Jeffrey Gundlach—DoubleLine Capital, CIO and CEO

Avoid U.S. stocks and corporate debt, and steer clear of long-term Treasuries as rates are likely to resume rising amid swelling U.S. deficits. Best bets are high-quality, low-duration, low-volatility bond funds. “This is a capital preservation environment,” Gundlach said in a Dec. 17 interview on CNBC. “Unsexy as this sounds, a short-term, high-quality bond portfolio is probably the best way to go as you head into 2019.”


Richard Turnill—BlackRock Inc., global chief investment strategist

In equities, we like quality: cash flow, sustainable growth and clean balance sheets. The U.S. is a favored region, and we see emerging market equities offering improved compensation for risk. In fixed income, we add U.S. government debt as ballast against late-cycle risk-off events. We prefer short- to medium-term maturities. In a total portfolio context, steer away from areas with limited upside but hefty downside risk, such as European stocks. “We see a slowdown in global growth and corporate earnings in 2019 with the U.S. economy entering a late-cycle phase,” he said a Dec. 10 note to clients.


Bill Stromberg—T. Rowe Price Group Inc., CEO

U.S. stocks have had a good run. For the next 10 years, 5 percent to 7 percent annual returns would be reasonable. That is less than the 100-year average, but not terrible. Emerging market stocks are starting out a lot cheaper and have a higher dividend yield. You could get 8 percent to 10 percent returns over the next 10 years. If the U.S. dollar weakens you could get more as a U.S. investor, he said in a Dec. 5 interview.

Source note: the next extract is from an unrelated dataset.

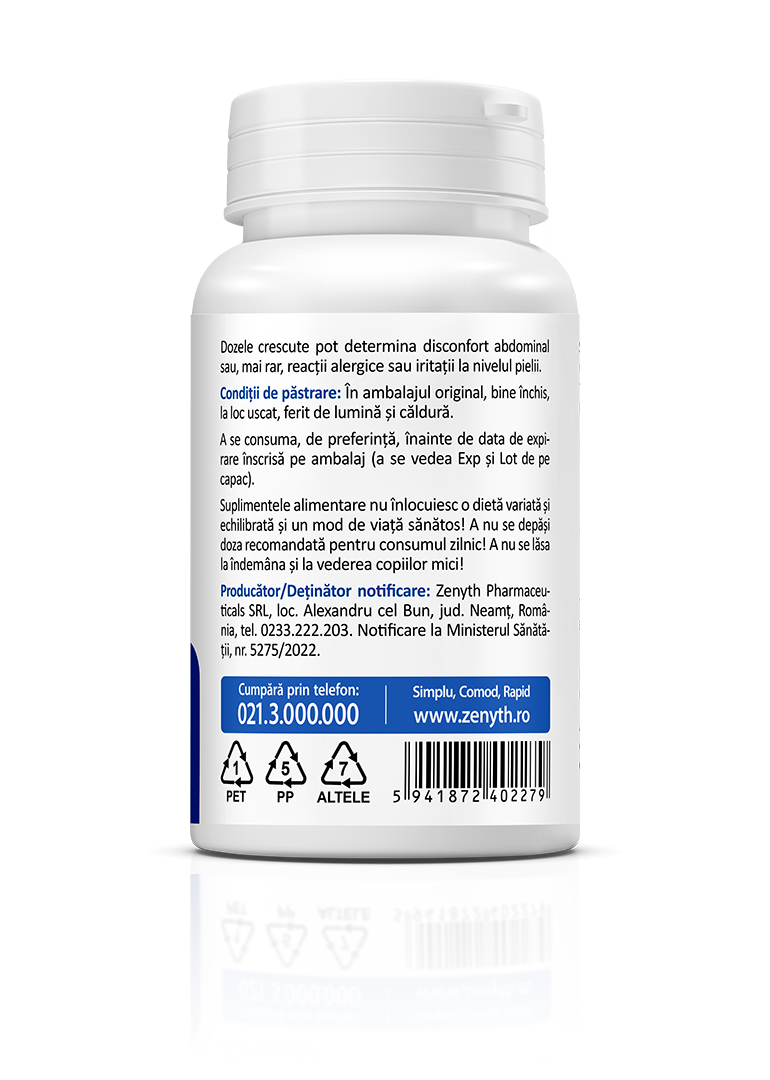 Producător/Deținător notificare: Zenyth Pharmaceuticals SRL, loc. Alexandru cel Bun, jud. Neamț, România, tel. 0233.222.203. Produs înregistrat și notificat la Ministerul Sănătății, nr. 5275/2022.

Joseph Davis—Vanguard Group, chief global economist

Expect an economic slowdown but not a recession in the U.S or globally. U.S. growth will decelerate to about 2 percent. No material acceleration in inflation because we are unlikely to see higher wages pass through into higher core inflation. The outlook for U.S. equities over the next decade is in the 3 percent to 5 percent range, in stark contrast with the 10.6 percent annualized return generated over the last 30 years. From a U.S. investor’s perspective, the expected return outlook for non-U.S. equity markets is in the 6 percent to 8 percent range, he said in a Dec. 6 report.

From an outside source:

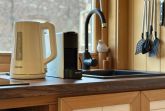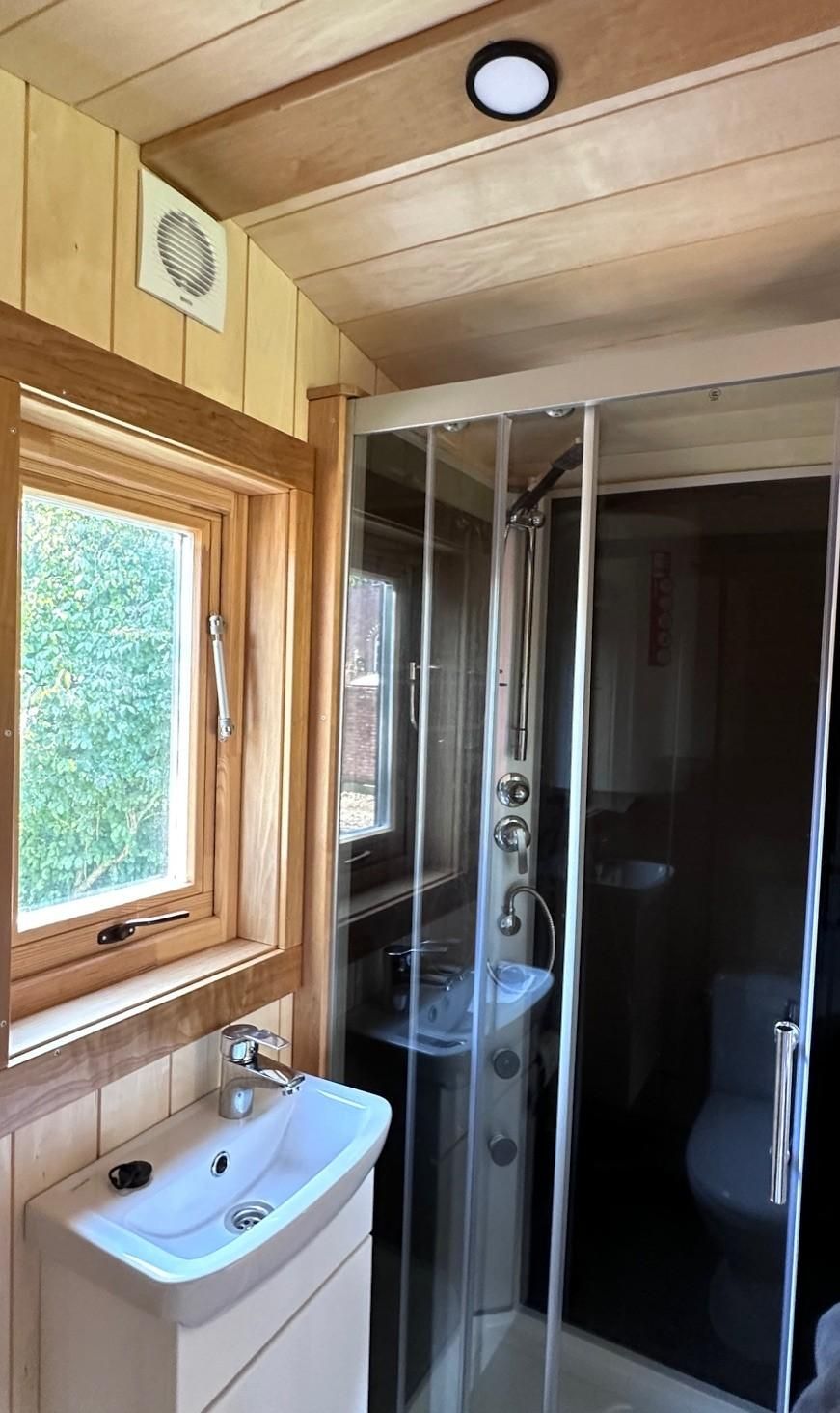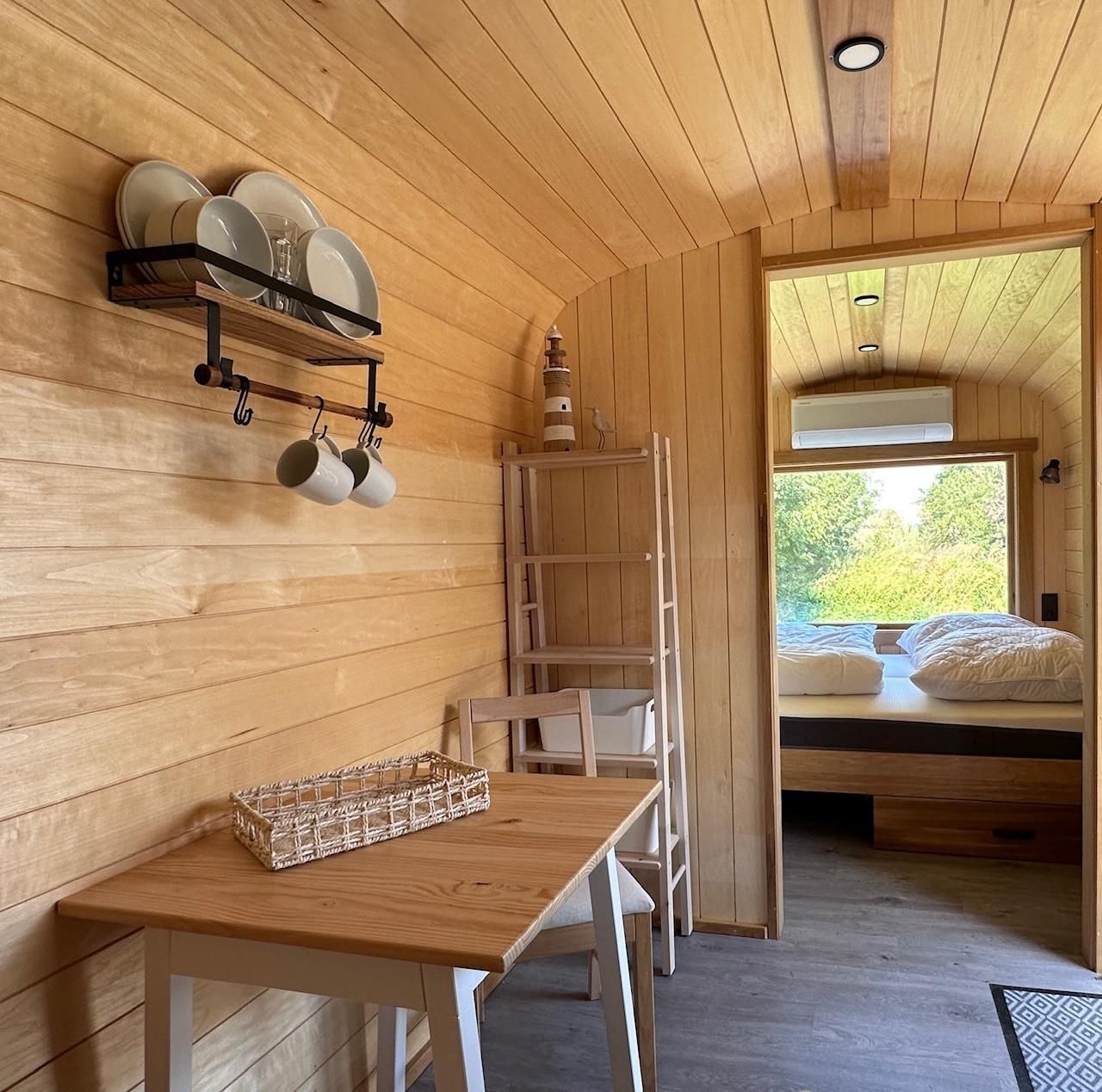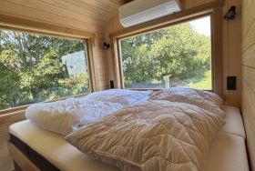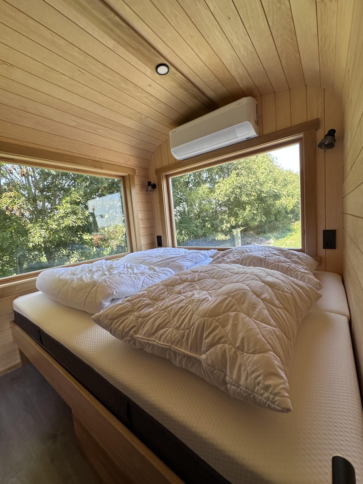 Das Tiny-Haus in Bauform eines Schlaffasses für zwei Personen bietet eine komfortable Grundausstattung in schönem Holzdesign mit einem Doppelbett (160x200cm), großem Panorama-Fenstern, kleiner Pantry-Küche mit Essbereich und Bad mit Dusche und WC. Eine Sitzmöglichkeit mit Tisch und Stühlen befindet sich vor dem Schlaffass auf einer Terrasse.

Omar Aguilar—Charles Schwab Investment Management, CIO of equities and multi-asset strategies

Avoid or sell small-cap equities, high-yield bonds and securities with high debt relative to assets, and/or leveraged balanced sheets. Invest in securities that have sustainability in earnings growth and dividends, in sectors such as health care, consumer discretionary and regional banks. Emerging markets have upside given their attractive relative valuations and the prospect of a weaker dollar in the second half of the year. “Decelerating global economic growth, increased attention to trade-related development -- particularly with China -- tighter monetary policies, reduced liquidity, and a mean reversion toward historically average volatility levels are likely to set the tone for equity markets in 2019,” he said in a Dec. 21 email.